Sementara itu, mengurangi polusi udara akibat pembakaran bahan bakar fosil juga menjaga kesehatan paru-paru, yang dapat melindungi kita dari infeksi saluran pernapasan, seperti yang diakibatkan virus korona baru saat ini.
Untuk memerangi perubahan iklim, kita juga perlu menurunkan emisi GRK secara drastis. Menghasilkan listrik dari sumber energi rendah karbon, seperti angin dan matahari, pun mengurangi polutan udara berbahaya yang selama ini menyebabkan lebih banyak serangan jantung dan stroke serta kematian dini.

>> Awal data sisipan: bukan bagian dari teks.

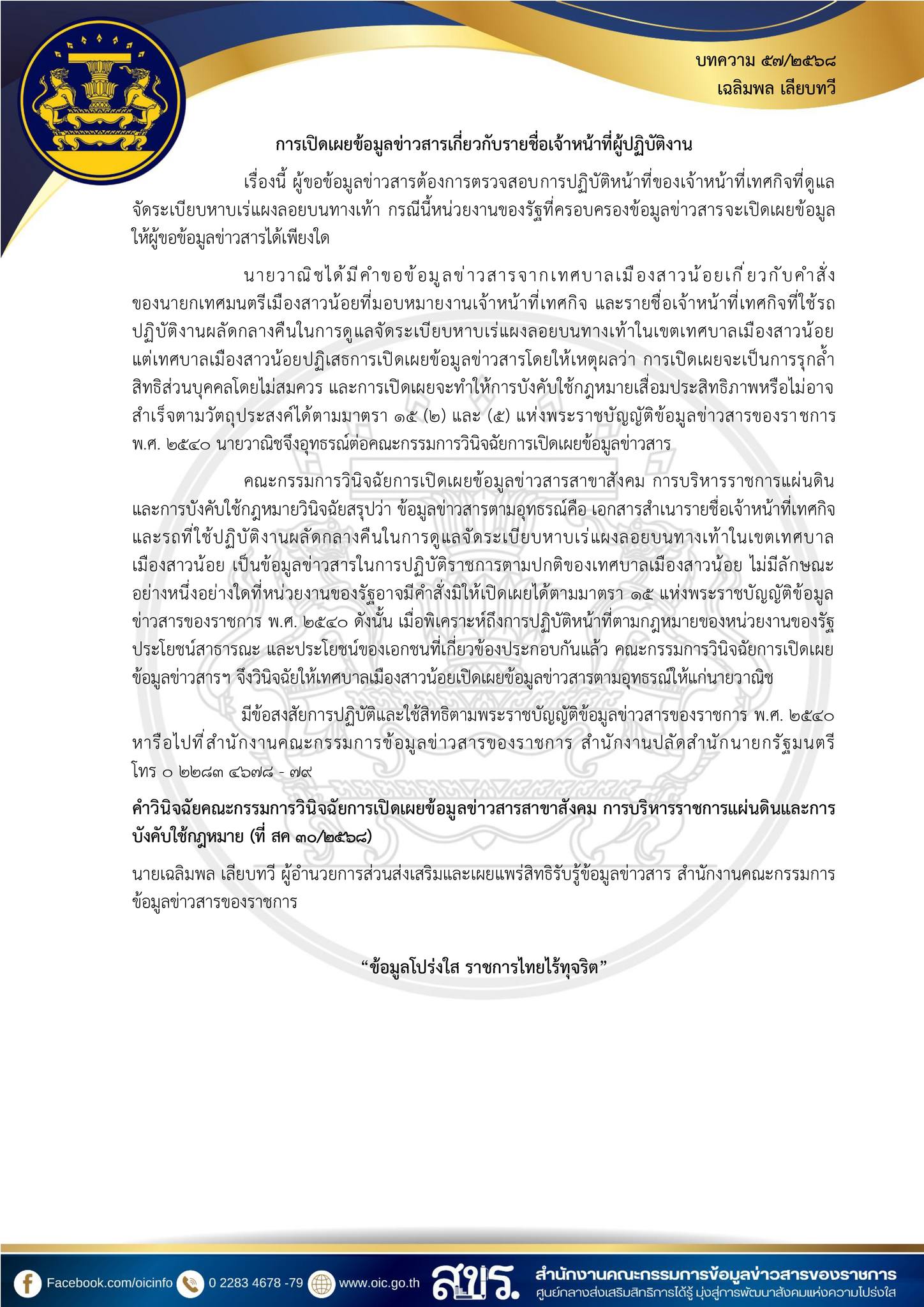 2. เรื่อง การเปิดเผยข้อมูลข่าวสารเกี่ยวกับรายชื่อเจ้าหน้าที่ผู้ปฏิบัติงาน โดยนายเฉลิมพล เลียบทวี

Baik pandemi maupun perubahan iklim terjadi karena ulah kita sendiri dan solusi untuk mengatasinya memiliki benang merah. Ketika Covid-19 mereda, tahun 2022 harus menjadi momentum untuk menciptakan norma hidup baru yang lebih ramah lingkungan yang menjadi kunci keberlanjutan kehidupan.